Several years later, in Niehaus v. Delaware Valley Medical Center, 631 A.2d 1314 (Pa. Super. 1993), this court ruled in a divided three- member panel decision that an employee could sue a former employer for breach of contract where an employee handbook provided for rehire under the circumstances present. The complaint alleged that the employee had sought approval for a leave of absence under the terms of the handbook, that the approval was given, and that the employer then refused to rehire, despite a contrary provision in the handbook. The panel of this court found that a cause of action for breach of contract could be maintained since the employer had guaranteed rehire in the employee handbook and that it was "essential to avoid injustice" to enforce the promise. Id. at 1318. This holding was summarily reversed by the supreme court upon citation to its decision in Paul v. Lankenau Hospital, supra. Niehaus v. Delaware Valley Medical Center, 649 A.2d 433 (Pa. 1994).


The law is clear that no cause of action, whether styled as one at law sounding in contract or as one in equity upon estoppel principles, may be maintained by an employee for enforcement of the provisions of an employee handbook where that handbook was not a bargained for portion of the offer of employment. Here, the handbook was not an element of the offer of employment since its effective date was May 1, 1998, and appellant was hired in April, 1997. The amended complaint contains no averments which would constitute additional consideration sufficient to bind the employer to the provisions of the handbook.


I would hold that the rejection of this court's decision in Niehaus by the Pennsylvania Supreme Court renders the majority's disposition to reinstate the breach of contract count of the complaint erroneous under existing law.
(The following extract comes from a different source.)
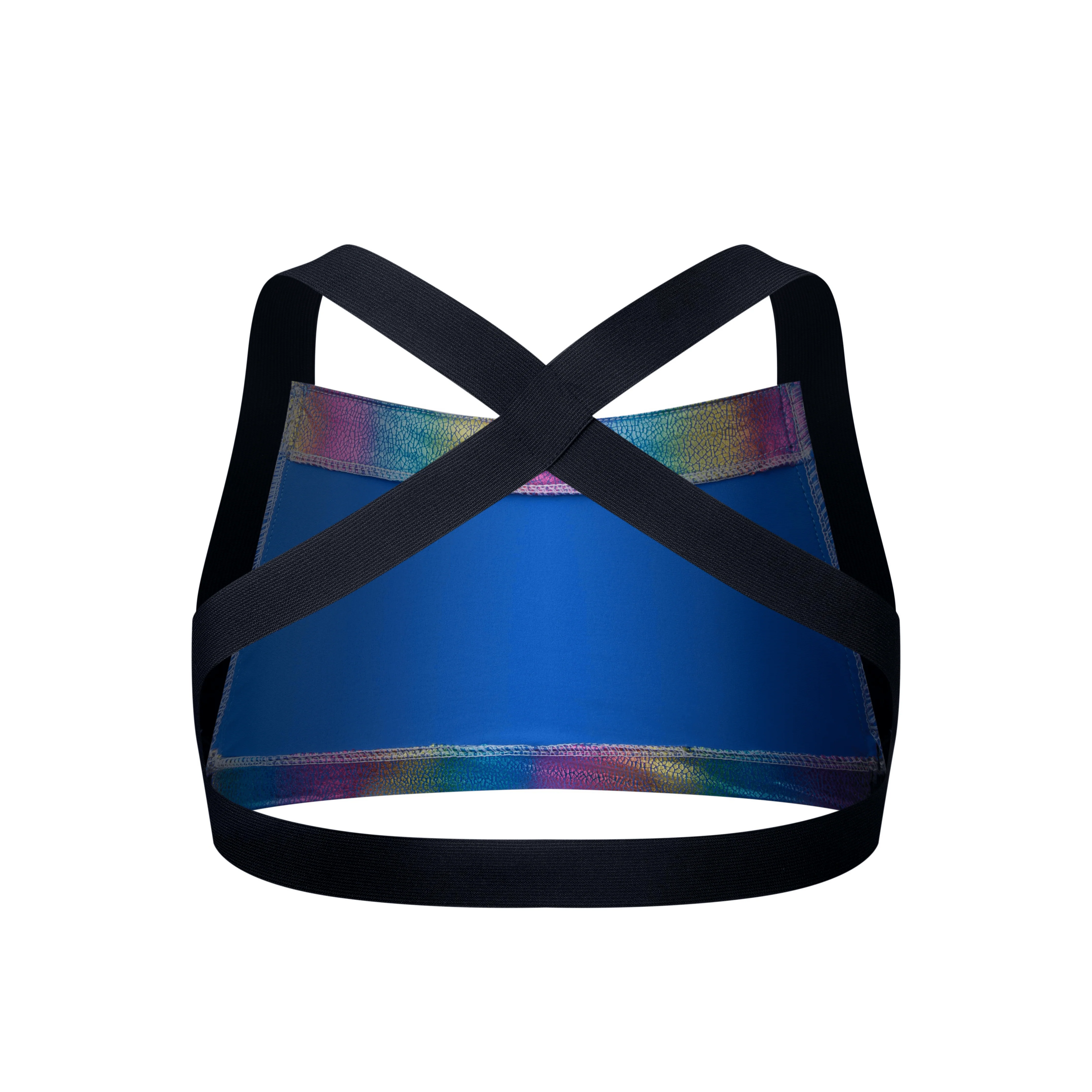 Featuring an ergonomically designed rubber chest plate that arcs to accentuate the pectoral muscles, this harness is crafted with elastic straps arranged in an "X" across the back and fitted with Silver rounded rings at the sides. Topped with our branded woven label on the left hand side.
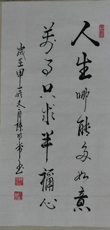 艺术简介:书法家陈明常的简介如下: • 个人背景: • 陈明常先生生于1956年,籍贯四川省泸州市,是中国共产党党员。 • 艺术经历: • 陈明常先生自幼酷爱书法,1976年12月应征入伍到北京基建工程兵师后修理营,临帖成为其业余爱好。 • 他毕业于象书画院书法大师班,先后师从陈墨、杜玉广,并师承邹贵生,经过系统学习,收获颇丰。 • 艺术理念与成就: • 陈明常先生立志为传承书画传统文化而努力,数十年来秉持继承传统,不断创新之理念,笔耕不辍 。经中国通俗文艺研究会专家评审祖审核,被录入中国通俗文艺研艺术人才库,高级研究员。 获取社会文化艺术校外软笔最高级别,十级书法证书。 • 他多次参加省、市及全国性书画展览并获奖,作品深受好评,被众多机构团体和书画爱好者收藏。 • 社会活动与公益: • 陈明常先生热心公益,作品多次参加义捐、义卖,曾被相关单位授予“爱心艺术家”等荣誉称号。 • 作品特点: • 他的作品《七律长征》大气磅礴,铮铮铁骨、气壮山河,展现了红军不怕长征路上的一切艰难困苦, 把千山万水都看得极为平常。 陈明常先生的艺术生涯充分体现了他对书法艺术的热爱和对传统文化的传承, 他的作品不仅在艺术上有着深厚的造诣,同时也在社会公益上发挥了积极的作用。

See also McLaughlin v. Gastrointestinal Specialists, Inc., 750 A.2d 283, 290 (Pa. 2000) (supreme court has steadfastly resisted any attempt to weaken the presumption of at-will employment in this Commonwealth). I, therefore, would affirm the order granting the preliminary objections in the nature of a demurrer.


I agree with the majority that the amended complaint fails to state a cause of action under the Fair Labor Standards Act, 29 U.S.C.A. ยง201 et seq.


For the forgoing reasons, I dissent in part and concur in part with the result reached by the majority.